A few weeks ago I featured on Hannah’s blog. Hannah thank you for having me! Guys check her out she honestly is the sweetest and deserves so much love http://hannahblogsmh.com
Here’s the post.
So here we are, sitting in work, it’s 4pm and you’ve just realised that you haven’t had lunch again. Damn it!
Many people think that once you’ve had help for an eating disorder then you’re done, everything’s fine. Well I can tell you that it’s not, ok fine maybe sometimes it’s fine but sometimes its really not. I’d happily say that I’m recovered but that doesn’t mean that I don’t have issues remaining. I still struggle to remember to eat sometimes, eating out at restaurants isn’t always easy and then there’s the anxiety that crops up every now and then. So how does my eating disorder still affect me?
My hair is still falling out in clumps. ED’s really affect your hair, this is how I actually started my blog. I’ve tried almost every product under the sun to rid myself of my bold patches and I STILL have a few left.

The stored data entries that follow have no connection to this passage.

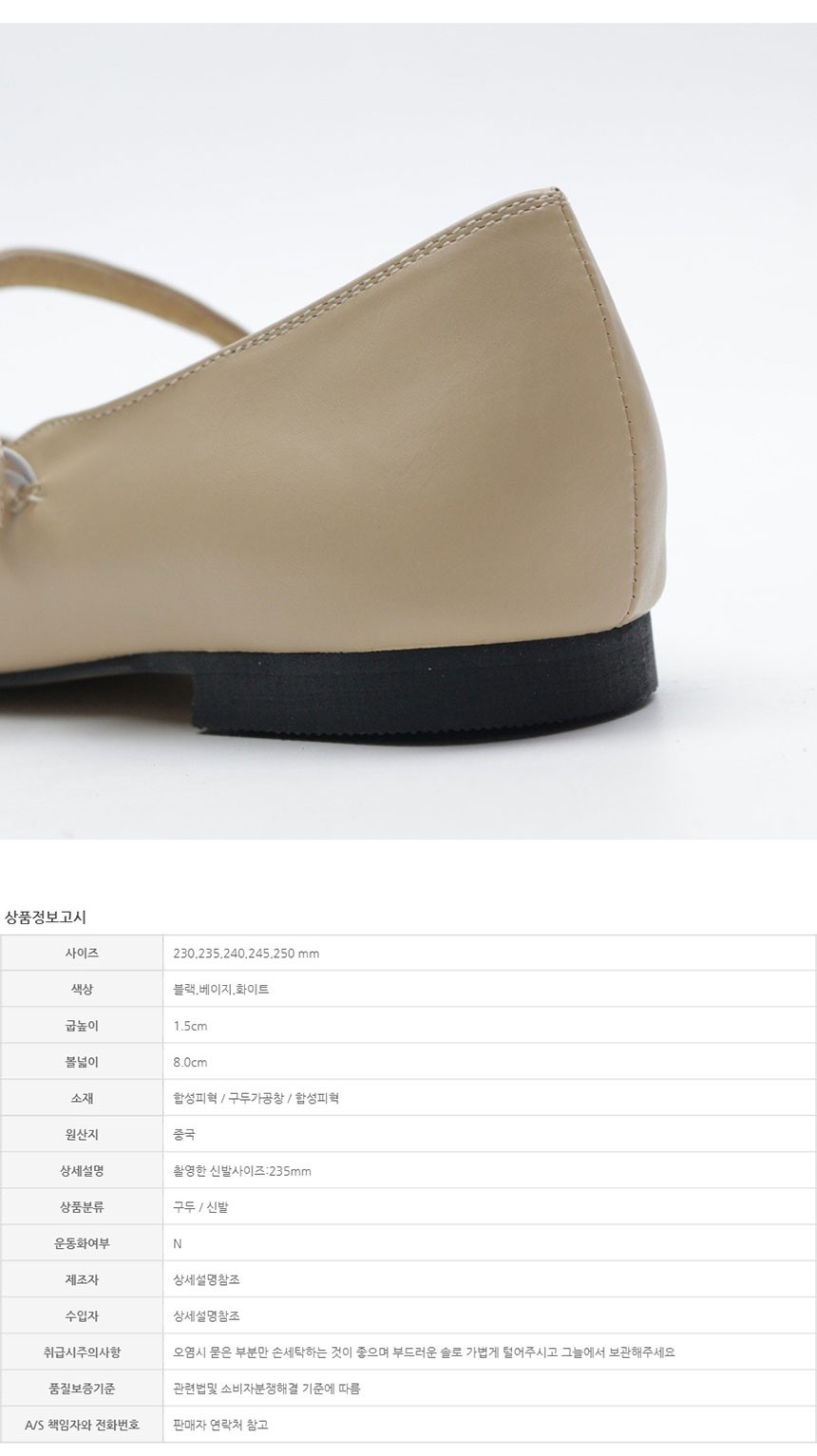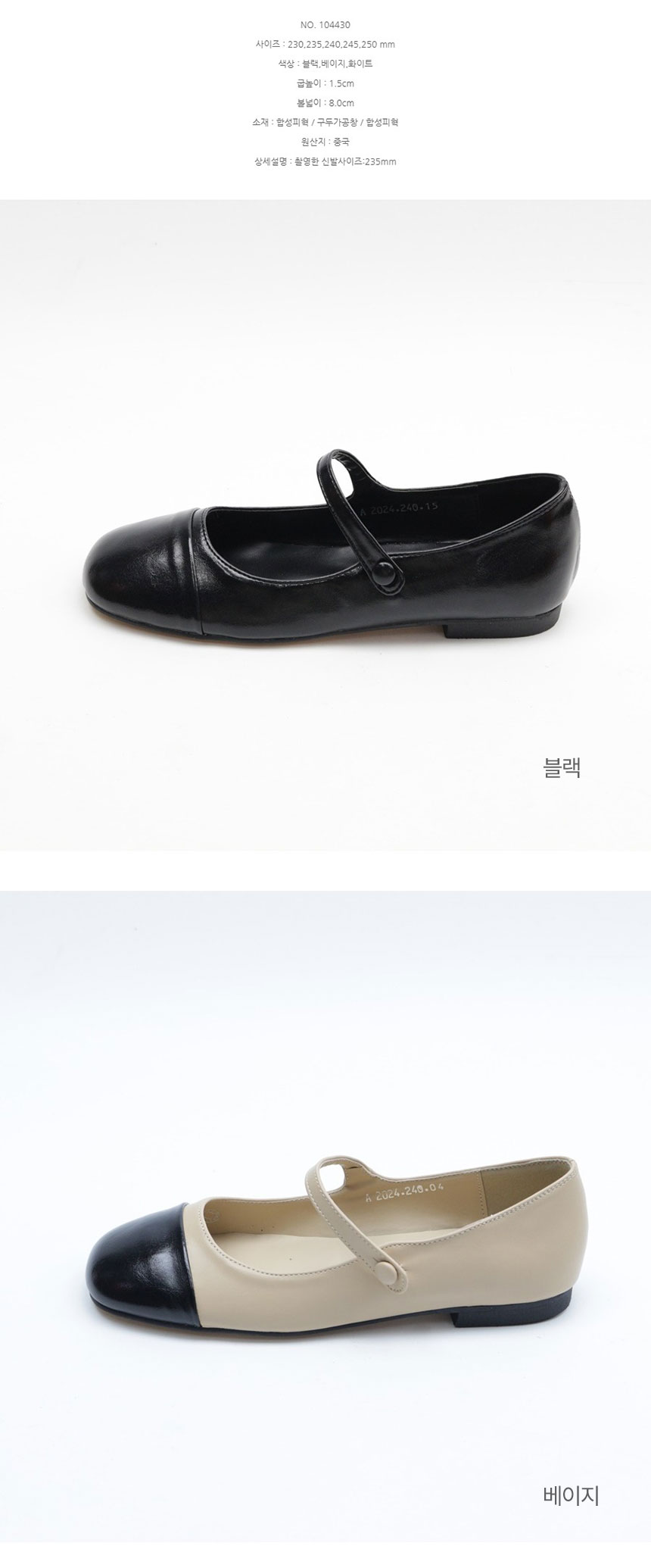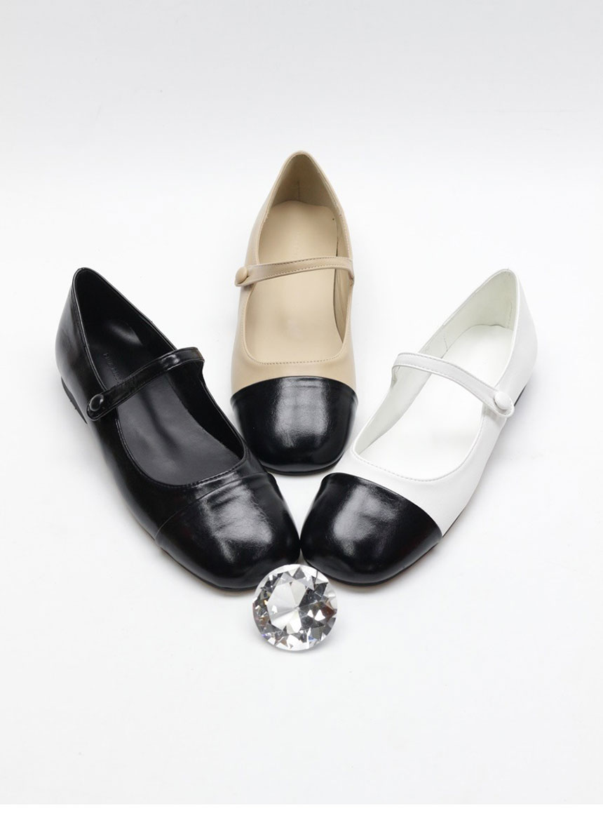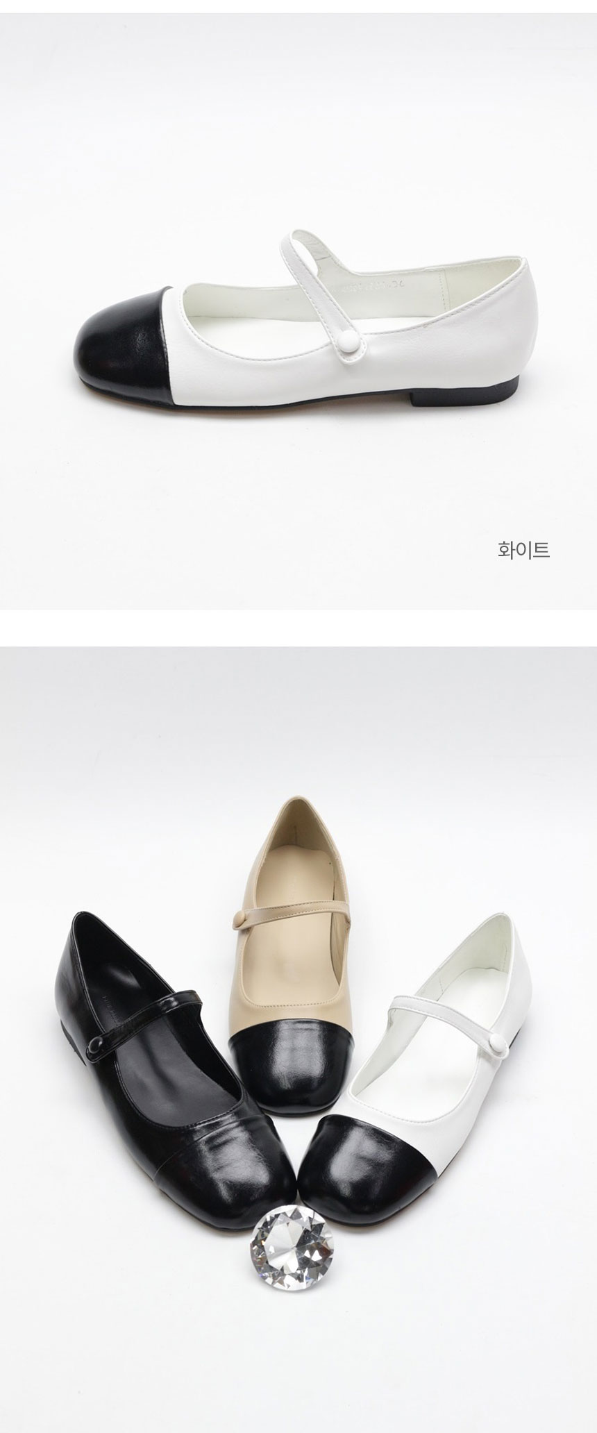 배색 스퀘어 토우 메리제인 플랫 단화 구두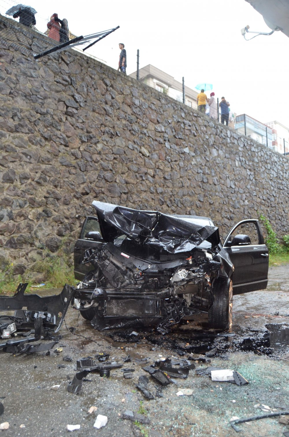 Çarpışmanın etkisiyle yaklaşık 5-6 metrelik duvardan önce sitedeki binanın balkonuna ardından da bahçeye düşen 61 AG 969 plakalı otomobil sürücüsü yaralanırken, otomobilin düştüğü yerde kimsenin bulunmaması olası faciayı önledi.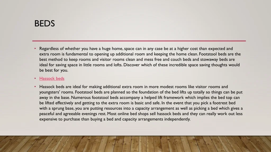 Beds • Regardless of whether you have a huge home, space can in any case be at a higher cost than expected and extra room is fundamental to opening up additional room and keeping the home clean. Footstool beds are the best method to keep rooms and visitor rooms clean and mess free and couch beds and stowaway beds are ideal for saving space in little rooms and lofts. Discover which of these incredible space saving thoughts would be best for you. • Hassock beds • Hassock beds are ideal for making additional extra room in more modest rooms like visitor rooms and youngsters' rooms. Footstool beds are planned so the foundation of the bed lifts up totally so things can be put away in the base. Numerous footstool beds accompany a helped lift framework which implies the bed top can be lifted effectively and getting to the extra room is basic and safe. In the event that you pick a footrest bed with a sprung base, you are putting resources into a capacity arrangement as well as picking a bed which gives a peaceful and agreeable evenings rest. Most online bed shops sell hassock beds and they can really work out less expensive to purchase than buying a bed and capacity arrangements independently.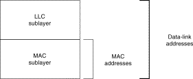 Media Access Control (MAC) addresses consist of a subset of data link layer addresses. MAC addresses identify network entities in LANs that implement the IEEE MAC addresses of the data link layer. As with most data-link addresses, MAC addresses are unique for each LAN interface. Figure 1-14 illustrates the relationship between MAC addresses, data-link addresses, and the IEEE sublayers of the data link layer.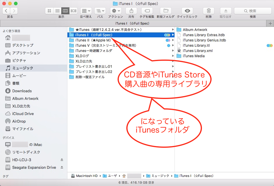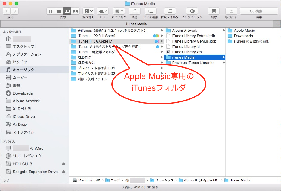 ※ 私の場合は…「iTunes Ⅱ(★Apple M)」フォルダが「Apple Music専用(ライブラリ)」になります…ね。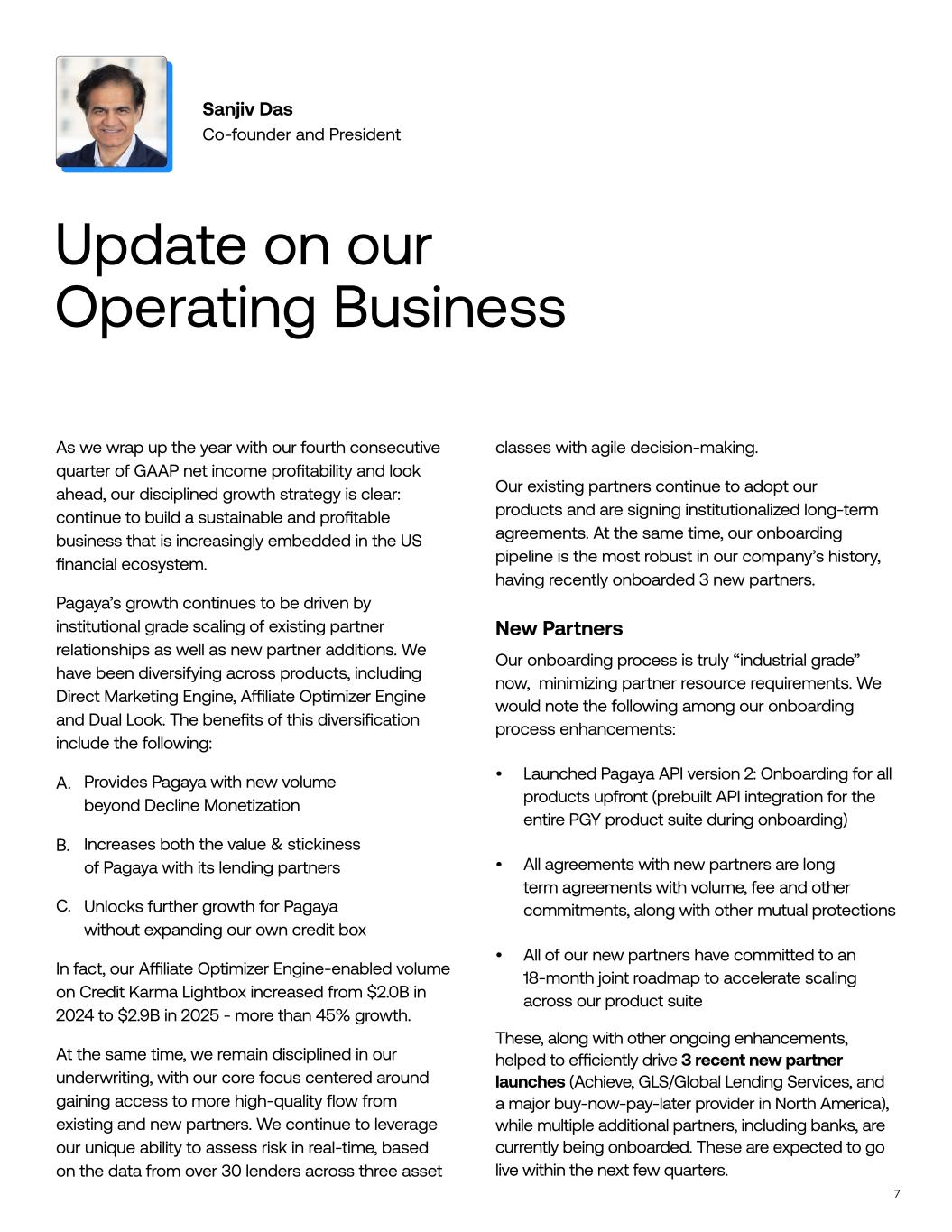 As we wrap up the year with our fourth consecutive quarter of GAAP net income profitability and look ahead, our disciplined growth strategy is clear: continue to build a sustainable and profitable business that is increasingly embedded in the US financial ecosystem. Pagaya’s growth continues to be driven by institutional grade scaling of existing partner relationships as well as new partner additions. We have been diversifying across products, including Direct Marketing Engine, Affiliate Optimizer Engine and Dual Look. The benefits of this diversification include the following: 1. Provides Pagaya with new volume beyond Decline Monetization 2. Increases both the value & stickiness of Pagaya with its lending partners 3. Unlocks further growth for Pagaya without expanding our own credit box In fact, our Affiliate Optimizer Engine-enabled volume on Credit Karma Lightbox increased from $2.0B in 2024 to $2.9B in 2025 - more than 45% growth. At the same time, we remain disciplined in our underwriting, with our core focus centered around gaining access to more high-quality flow from existing and new partners. We continue to leverage our unique ability to assess risk in real-time, based on the data from over 30 lenders across three asset Sanjiv Das Co-founder and President 7 Update on our Operating Business classes with agile decision-making. Our existing partners continue to adopt our products and are signing institutionalized long-term agreements. At the same time, our onboarding pipeline is the most robust in our company’s history, having recently onboarded 3 new partners. New Partners Our onboarding process is truly “industrial grade” now, minimizing partner resource requirements. We would note the following among our onboarding process enhancements: • Launched Pagaya API version 2: Onboarding for all products upfront (prebuilt API integration for the entire PGY product suite during onboarding) • All agreements with new partners are long term agreements with volume, fee and other commitments, along with other mutual protections • All of our new partners have committed to an 18-month joint roadmap to accelerate scaling across our product suite These, along with other ongoing enhancements, helped to efficiently drive 3 recent new partner launches (Achieve, GLS/Global Lending Services, and a major buy-now-pay-later provider in North America), while multiple additional partners, including banks, are currently being onboarded. These are expected to go live within the next few quarters. A. B. C.

My heart rate whilst working out is unhealthy. ED’s affect your heart in so many different ways but this is the most important because the damage you’ve done can’t be repaired. I have to always keep track of my heart rate whilst working out otherwise I simply faint – no one wants that embarrassment in the gym ☹
Anxiety and panic attacks. I’ve developed a few unhealthy habits of having a water bottle with me at all times. I can’t go anywhere without one, why? Because my eating disorder was always about control I had to come up with another way of controlling something and that was having water with me at all times. I’m weird I know, but hey I’d rather carry a water bottle than have countless panic attacks.
Another thing that affects my life now is Bipolar. Oh, bipolar my love and hate, where would I be without you. Bipolar probably is the biggest affect on my life because it affects everything I do.
I no longer drink! For someone who was a big party person this is a big thing for me because it’s caused me to completely change my lifestyle and I’ve had to revaluate many friendships. Sometimes the only thing you have in common with someone is which wine you both drink.
Bipolar is the main cause for my creative side. When I’m manic, if you follow me you’ll notice I post three posts a week and this is because my mind is buzzing with ideas and plans.
However, with mania comes the depression episodes. This affects my job, my home life and friendships. I completely shut off and lose interest in everything I’m doing. I like to call it the tiger. When you wake up it feels like a massive paw is laying over you which stops you from doing anything. I won’t go into the detail because it gets pretty dark, but you get my drift.
Although both are a massive part of my life, I manage to live a pretty normal life. Just because you have an illness doesn’t mean it owns you. I’m Rosie, I have Bipolar and an Eating Disorder. I also have brown eyes and blonde hair. Please don’t define yourself by a part of you that doesn’t own your life. Live it. Don’t define.